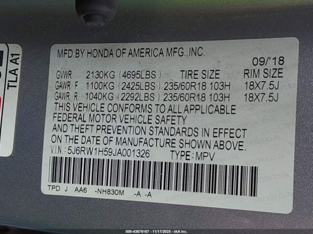 | VIN : 5J6RW1H59JA001326 |
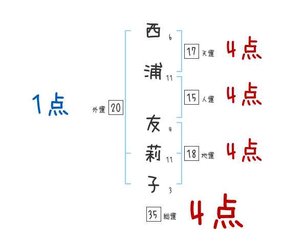 天運![]() | 西浦友莉子さんの天運は17画の4つ星!積極的な行動力。地位を気づき財産を手に入れる。純粋な心と直感力。 家系が持つ宿命的な運勢を表します。祖先から受け継いだ苗字ですので自分の力が及びません。家柄を象徴します。 |
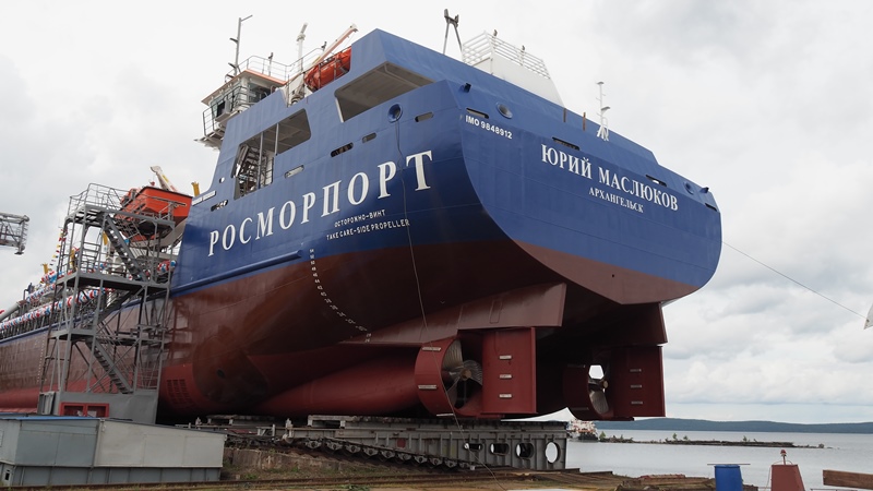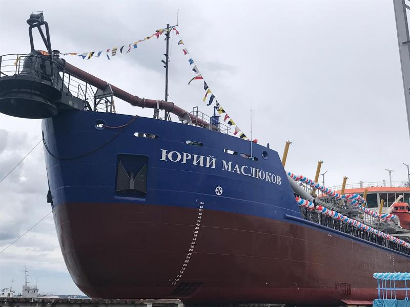 A solemn ceremony was held at the Onezhsky Shipbuilding and Ship-Repairing Plant in Petrozavodsk August 23, 2019 to launch the Yury Maslyukov hopper dredger.
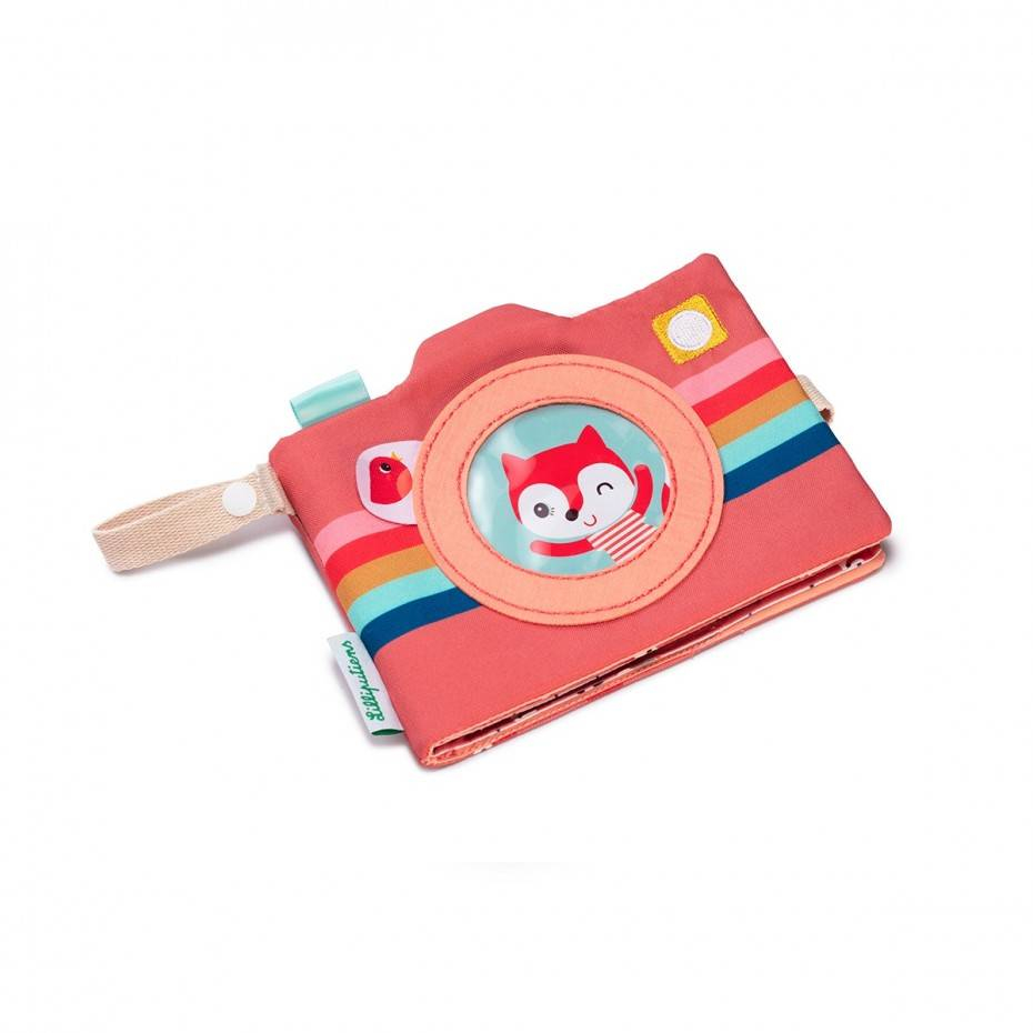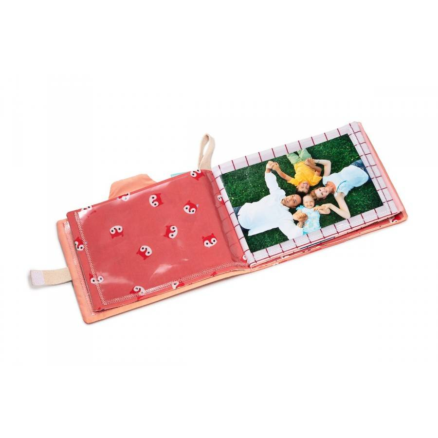 Album photo en tissu Alice la renarde de Lilliputiens, idéal pour les enfants dès 9 mois. Contient 10 pochettes pour photos 10 x 15 cm et une couverture personnalisable. Facile à transporter grâce à sa sangle avec pression.
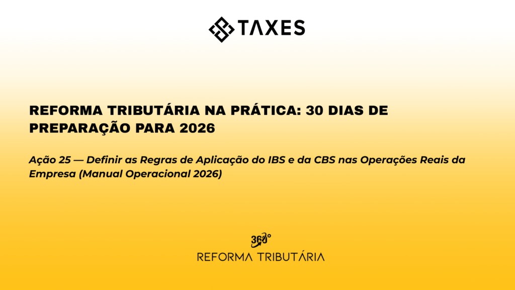 A Ação 25 trata exatamente disso: criar um manual interno simples que deixe claro como a empresa vai aplicar IBS e CBS nas operações reais que ela executa em 2026.
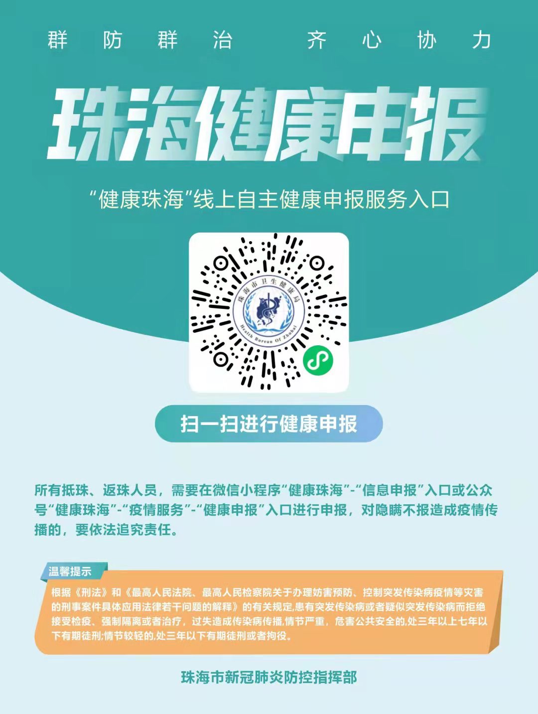 目前疫情防控正处于关键时期。从4月2日零时起,所有抵珠、返珠人员(包括3月17日以来有外地旅居史人员)须直接扫描“珠海健康申报”二维码进行申报,对隐瞒不报造成疫情传播的,要依法追究责任。
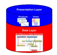 At the data layer are the architecture data elements and their defining attributes and relationships. At the presentation layer are the products and views that support a visual means to communicate and understand the purpose of the architecture, what it describes, and the various architectural analyses performed. Products provide a way for visualizing architecture data as graphical, tabular, or textual representations. Views provide the ability to visualize architecture data that stem across products, logically organizing the data for a specific or holistic perspective of the architecture.
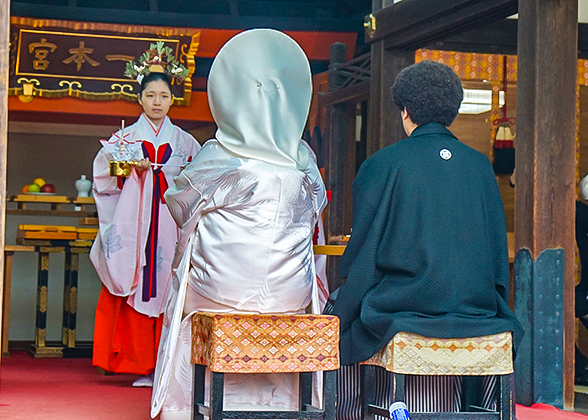 The shrine allows couples to hold weddings in Wedding Hall, and you have the opportunity to view the Japanese wedding rituals. The bride will wear a pure white robe and the groom will wear a black blouse and samurai dress.
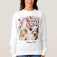 Crie o seu costume moderno de uma espécie de camisa de colagem de fotos ou dê-la como um aniversário, natal ou presente de dia de as mães às mulheres que você aprecia. Este design original apresenta uma grade de quatro fotos com uma imagem centrada em forma de coração de uma jovem família e cão que você tem que personalizar com suas próprias fotos. Ele exibe uma linha de texto personalizado na fonte de script manuscrito preto. Escreva sua própria mensagem personalizada, como sobrenome familiar, monograma, nome de animal de estimação, citação, desejo de aniversário, nota de amor, comemorativa, etc.

__Required work__.
Apart from the pictures, every line above must be printed exactly.

__Answer space__.
 | VIN : 5J6RW1H59JA001326 |
 天運![]() | 西浦友莉子さんの天運は17画の4つ星!積極的な行動力。地位を気づき財産を手に入れる。純粋な心と直感力。 家系が持つ宿命的な運勢を表します。祖先から受け継いだ苗字ですので自分の力が及びません。家柄を象徴します。 |
 A solemn ceremony was held at the Onezhsky Shipbuilding and Ship-Repairing Plant in Petrozavodsk August 23, 2019 to launch the Yury Maslyukov hopper dredger.
 Album photo en tissu Alice la renarde de Lilliputiens, idéal pour les enfants dès 9 mois. Contient 10 pochettes pour photos 10 x 15 cm et une couverture personnalisable. Facile à transporter grâce à sa sangle avec pression.
 A Ação 25 trata exatamente disso: criar um manual interno simples que deixe claro como a empresa vai aplicar IBS e CBS nas operações reais que ela executa em 2026.
 目前疫情防控正处于关键时期。从4月2日零时起,所有抵珠、返珠人员(包括3月17日以来有外地旅居史人员)须直接扫描“珠海健康申报”二维码进行申报,对隐瞒不报造成疫情传播的,要依法追究责任。
 At the data layer are the architecture data elements and their defining attributes and relationships. At the presentation layer are the products and views that support a visual means to communicate and understand the purpose of the architecture, what it describes, and the various architectural analyses performed. Products provide a way for visualizing architecture data as graphical, tabular, or textual representations. Views provide the ability to visualize architecture data that stem across products, logically organizing the data for a specific or holistic perspective of the architecture.
 The shrine allows couples to hold weddings in Wedding Hall, and you have the opportunity to view the Japanese wedding rituals. The bride will wear a pure white robe and the groom will wear a black blouse and samurai dress.
 Crie o seu costume moderno de uma espécie de camisa de colagem de fotos ou dê-la como um aniversário, natal ou presente de dia de as mães às mulheres que você aprecia. Este design original apresenta uma grade de quatro fotos com uma imagem centrada em forma de coração de uma jovem família e cão que você tem que personalizar com suas próprias fotos. Ele exibe uma linha de texto personalizado na fonte de script manuscrito preto. Escreva sua própria mensagem personalizada, como sobrenome familiar, monograma, nome de animal de estimação, citação, desejo de aniversário, nota de amor, comemorativa, etc.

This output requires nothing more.